Comme par magie, les résultats du second tour des élections législatives, confirme par le taux de participation au scrutin, avoisinant les 11 %, le désaveu massif de toute la classe et les politiques qui ont dominé la scène pendant 12 ans. Ce n’est pas seulement le désaveu du nouveau système politique imposé par KS, celui qui ressemble de plus en plus à une caricature de démocratie, c’est surtout le rejet total du processus post-révolution, Acte 1 sous le règne des islamistes et Acte 2 sous le règne absolu de Kaïs Saïed. « Cette pseudo transition » qui a détruit l’Etat, mené le pays au bord de la faillite économique totale et fait éclater brutalement la société tunisienne en cours de transformation. Ce désaveu électoral est donc une forme passive mais résolue de résistance au coup d’Etat permanent opérée depuis le 14 Janvier 2011.

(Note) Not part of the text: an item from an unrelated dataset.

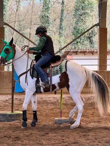 **Verkaufsanzeige: Paint Horse Stute** Zum Verkauf steht eine wunderschöne Paint Horse Stute, Jahrgang 2016. Diese wunderbare Stute hat ein elegantes tobiano fuchsfarbenes Fell, das sie einzigartig und faszinierend macht. Hauptmerkmale: - **Rasse:** Paint Horse - **Geschlecht:** Stute - **Geburtsjahr:** 2016 - **Fell:** Tobiano fuchsfarben - **Stockmaß:** 151,00 cm - **Ausbildung:** Vielseitige amerikanische Reitweise Diese Stute benötigt einen fortgeschrittenen Reiter, sie hat viele Qualitäten, die sich hervorragend für die Dressur und für Stangenarbeit eignen. Die Stute ist sehr brav, süß und lebhaft, besonders während der Wettbewerbe. Für weitere Informationen und zur Vereinbarung eines Besichtigungstermins zögern Sie bitte nicht, mich zu kontaktieren. Verpassen Sie nicht die Gelegenheit, diese wunderbare Stute zu Ihrer Pferdefamilie hinzuzufügen!

Le vrai peuple est composé de citoyens qui exercent leur citoyenneté à travers la participation à tous les scrutins dont l’issue, décide des choix politiques et économiques et même sociétaux qui doivent diriger le pays. Ceci évidemment dans une vraie démocratie. Dans une fausse démocratie comme la nôtre, un seul homme, ou un petit groupe d’hommes et de femmes décident pour un peuple qui n’existe que dans leur imagination.
Le vrai peuple contre les faux prophètes
Les différents mandats électoraux donnés par les citoyens à des partis politiques ou à des personnalités pendant la dernière décennie ne les autorisaient pas à faire ce qu’ils ont fait et appliqué comme politiques. Politiques qui ont mené le pays à la situation actuelle. Ils avaient tous trahis leurs électeurs.
Dans les vrais démocraties, les élus essayent de tenir les promesses et quand ils n’arrivent pas, soit ils démissionnent de leur poste soit ils démissionnent de la vie politique, tout court.
Avez-vous connu, un seul de nos élus qui a présenté sa démission et assumé ses responsabilités dans un échec quelconque? Jamais! Parce que ce sont tous de faux prophètes qui arrivent à tromper les citoyens qui les élisent une fois. D’où la déconfiture de tous les partis politiques qui ont exercé le pouvoir, Ennahdha, Nidaa, Hizb al moutamar, Ettakattol, Afak. Ce qui montre que le vrai peuple, celui des citoyens qui votent, n’est pas dupe et sait sanctionner quand il faut ceux qui lui ont menti. C’est une des règles précieuses qu’il faut retenir, établies pendant la dernière décennie.
Kaïs Saïed a raison quand il dit, que les 89 % des inscrits ont boudé les élections parce qu’ils n’avaient plus confiance dans le parlement, pas seulement le dernier, d’ailleurs. Mais bien tous les parlements avant et après 2011, mais pour des raisons différentes.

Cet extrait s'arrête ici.